The 10 years that have elapsed since Ulrich first proposed the concept of Human Resources as business partner has seen significant change in the Human Resources (HR) arena, both in terms of the way in which the HR function is structured and in the overall strategic impact it has achieved as a result.

In essence, particularly in larger companies, HR has moved on from the traditional and largely reactive administrative support approach to a significantly more strategic and value-added proactive way of doing business. It has achieved this largely by identifying its customers, establishing their wants and needs and restructuring itself.

Many companies today operate on a Shared Services Centre model – management by HR, but empowering employees to manage their own records on-line via the company’s intranet, and also to look after the basics of resourcing, payroll, leave arrangements etc. In addition, there are likely to be Centres of Excellence with highly experienced specialist people concentrating on the company’s strategic direction in reward, learning and development, organisational design, employee engagement and identifying and managing talent. The third arm of this model is that of Strategic Partners or HR Business Partners who will work closely with executives right up to the highest level in the company, advising on Human Capital strategy to ensure that the company makes the best possible use of its people..

Our Most Valuable Asset

Significantly, if an analysis of roles at Board level 20 years ago were carried out, it would reveal that very few companies had a Human Resources Director (or, more likely for those days, a Personnel Director). The person in charge of HR would probably have reported to someone on the Board, rather than to sit on the Board. Ironically, a review of Chairmen’s statements in annual reports invariably describes staff as “our most valuable asset”.  However, for the most part, companies did not “put their money where their mouth was” and endorse the statement by having HR represented at the Board level where the strategic direction of a company is often determined.

Interestingly, if we look at the Finance function in a similar way, going back in time there were relatively few Finance Directors. Rather, the Finance function did the number crunching, almost as a statutory requirement under the leadership of a Chief Accountant, but added little in the way of strategic direction to the company as a whole.

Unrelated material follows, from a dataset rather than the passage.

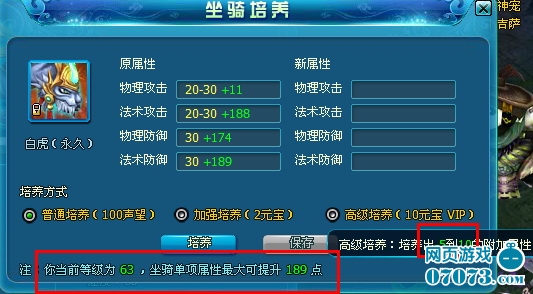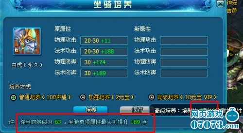每培养一次的话需要的是100的声望值,这时就会发现之前一直没多大作用的声望值终于可以派上用场了,当然你也可以使用元宝来培养,培养出来好 属性的几率当然会高点,详细的话可以点击各种培养查看,当然个人推荐的话当然使用声望培养划算了,但前提必要是你的声望值要非常充裕。

Nowadays, we see Finance Directors on every Board and Finance is seen as a key strategic player, essential to the development of any successful company. So how did the finance function achieve this change?

In its simplest form, a company needs relatively little to be successful – it needs people, money, products or services, premises (though with the rise of the internet, this is not always necessary) and, most important of all, CUSTOMERS. The concept of managing your customer, forging strong relationships with them and retaining them for future sales opportunities is fundamental. It is a sine qua non that without a strong and loyal customer base, the business will be on the rocky road to disaster. After all, at the end of the day, the customers pay the wages!

Adding Value

Any element of a company that is not perceived to add value deserves to suffer cutbacks or to be outsourced. The primary area of any company that directly generates revenue is the areas responsible for the sale of the company’s products or services. The other areas of the company, be they Finance, HR, Production, Marketing, Strategy or IT, are essentially only there as enablers for the sales function to keep the revenues flowing. This is not, however, to suggest in any way that they are second-class citizens. Far from it, and indeed they all have a critical role to play. No finance department – operating strategically and in tune with the overall direction of the company – means no budgets can be allocated towards product development…no production department means no new products for sales to sell…no HR department means no people, no salaries paid, and so on.. 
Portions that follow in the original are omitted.